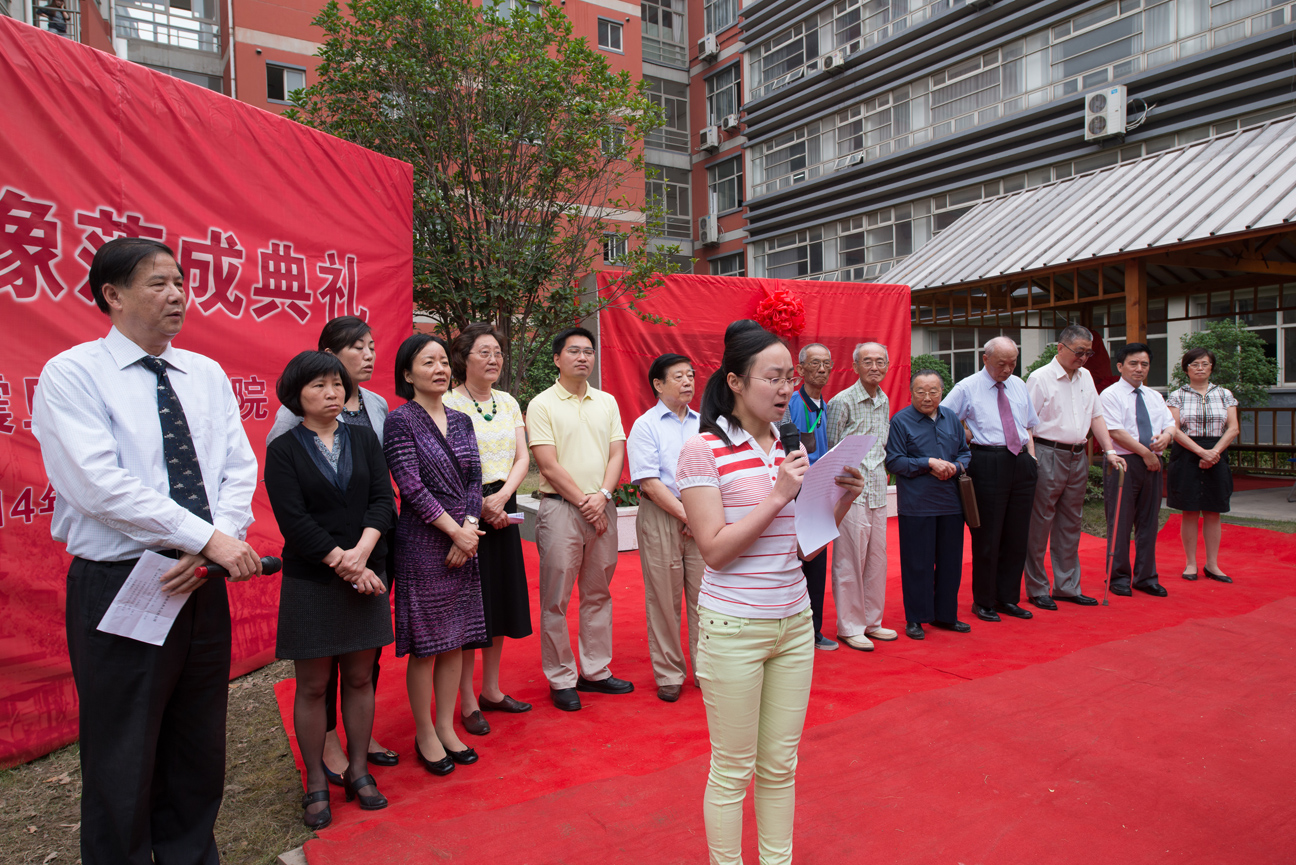 緊接著,杜飛龍院長和黃晞建書記為校訓揭幕,王振義院士和張惠莉董事長為“馬相伯”銅像揭幕。
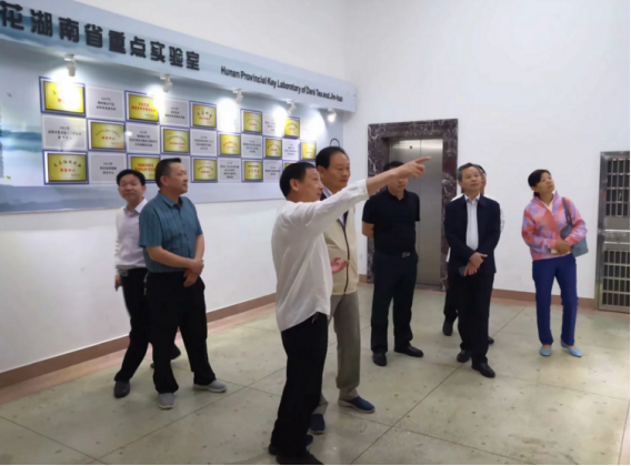 在黑茶金花湖南省重点实验室学术交流中心,夏宏宇副校长主持交流会并致欢迎词,于幼军一行在黑茶学术交流中心与黑茶基地研发人员进行了深入交流研讨,刘石泉主任就实验室的发展历史、研究方向、研究成果等向于幼军一行进行了详细介绍,在介绍结合产学研特色的金花茯茶、金花散茶、金花面膜和金花酒等黑茶金花研发时,于老给予了高度评价,并根据自身体验对黑茶金花在降三高方面的保健功效给予了充分肯定。随后,夏宏宇副校长陪同于幼军一行参观了黑茶金花研究室、黑茶品鉴室和金花酵库等场所。(刘湛军供稿 刘石泉审核)
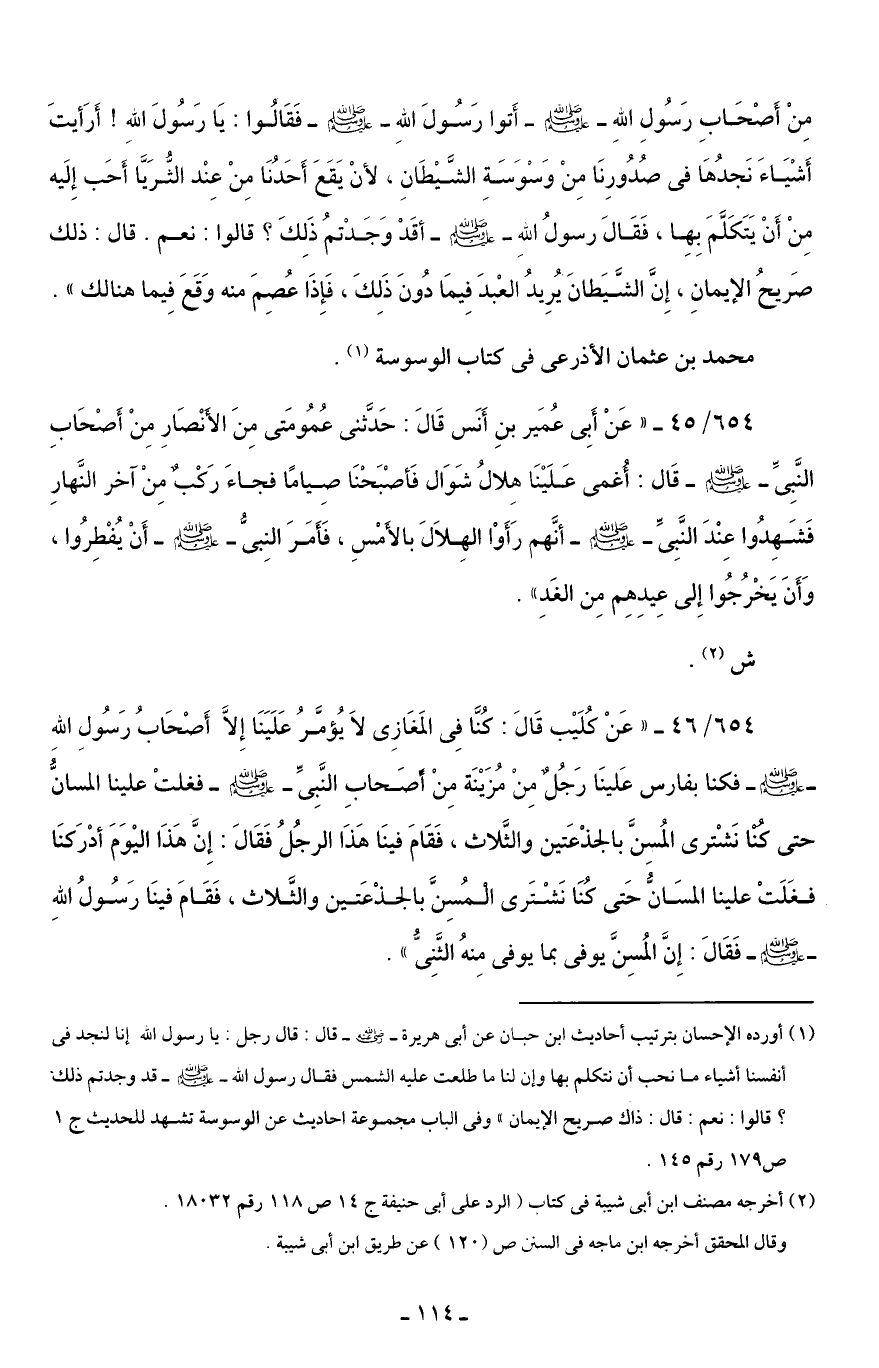 (¬1) أورده الإحسان بترتيب أحاديث ابن حبان عن أبي هريرة - رضي الله عنه - قال: قال رجل: يا رسول الله إنا لنجد في أنفسنا أشياء ما نحب أن نتكلم بها وإن لنا ما طلعت عليه الشمس فقال رسول الله - صلى الله عليه وسلم - قد وجدتم ذلك؟ قالوا: نعم: قال: ذاك صريح الإيمان" وفي الباب مجموعة أحاديث عن الوسوسة تشهد للحديث ج 1 ص 179 رقم 145.
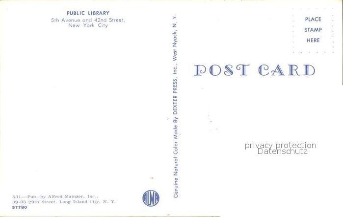 11686123 New York City Public Lirbrary 5th Avenue 42nd Street Autos postalisch nicht gelaufen Erhaltung siehe scans KatCode: 14140340000000

□ □ □

◆ **THE TASK**:
Give all the lines above again, character for character, without pictures.

◆ **REPLY TO THE TASK**:
 緊接著,杜飛龍院長和黃晞建書記為校訓揭幕,王振義院士和張惠莉董事長為“馬相伯”銅像揭幕。
 在黑茶金花湖南省重点实验室学术交流中心,夏宏宇副校长主持交流会并致欢迎词,于幼军一行在黑茶学术交流中心与黑茶基地研发人员进行了深入交流研讨,刘石泉主任就实验室的发展历史、研究方向、研究成果等向于幼军一行进行了详细介绍,在介绍结合产学研特色的金花茯茶、金花散茶、金花面膜和金花酒等黑茶金花研发时,于老给予了高度评价,并根据自身体验对黑茶金花在降三高方面的保健功效给予了充分肯定。随后,夏宏宇副校长陪同于幼军一行参观了黑茶金花研究室、黑茶品鉴室和金花酵库等场所。(刘湛军供稿 刘石泉审核)
 (¬1) أورده الإحسان بترتيب أحاديث ابن حبان عن أبي هريرة - رضي الله عنه - قال: قال رجل: يا رسول الله إنا لنجد في أنفسنا أشياء ما نحب أن نتكلم بها وإن لنا ما طلعت عليه الشمس فقال رسول الله - صلى الله عليه وسلم - قد وجدتم ذلك؟ قالوا: نعم: قال: ذاك صريح الإيمان" وفي الباب مجموعة أحاديث عن الوسوسة تشهد للحديث ج 1 ص 179 رقم 145.
 11686123 New York City Public Lirbrary 5th Avenue 42nd Street Autos postalisch nicht gelaufen Erhaltung siehe scans KatCode: 14140340000000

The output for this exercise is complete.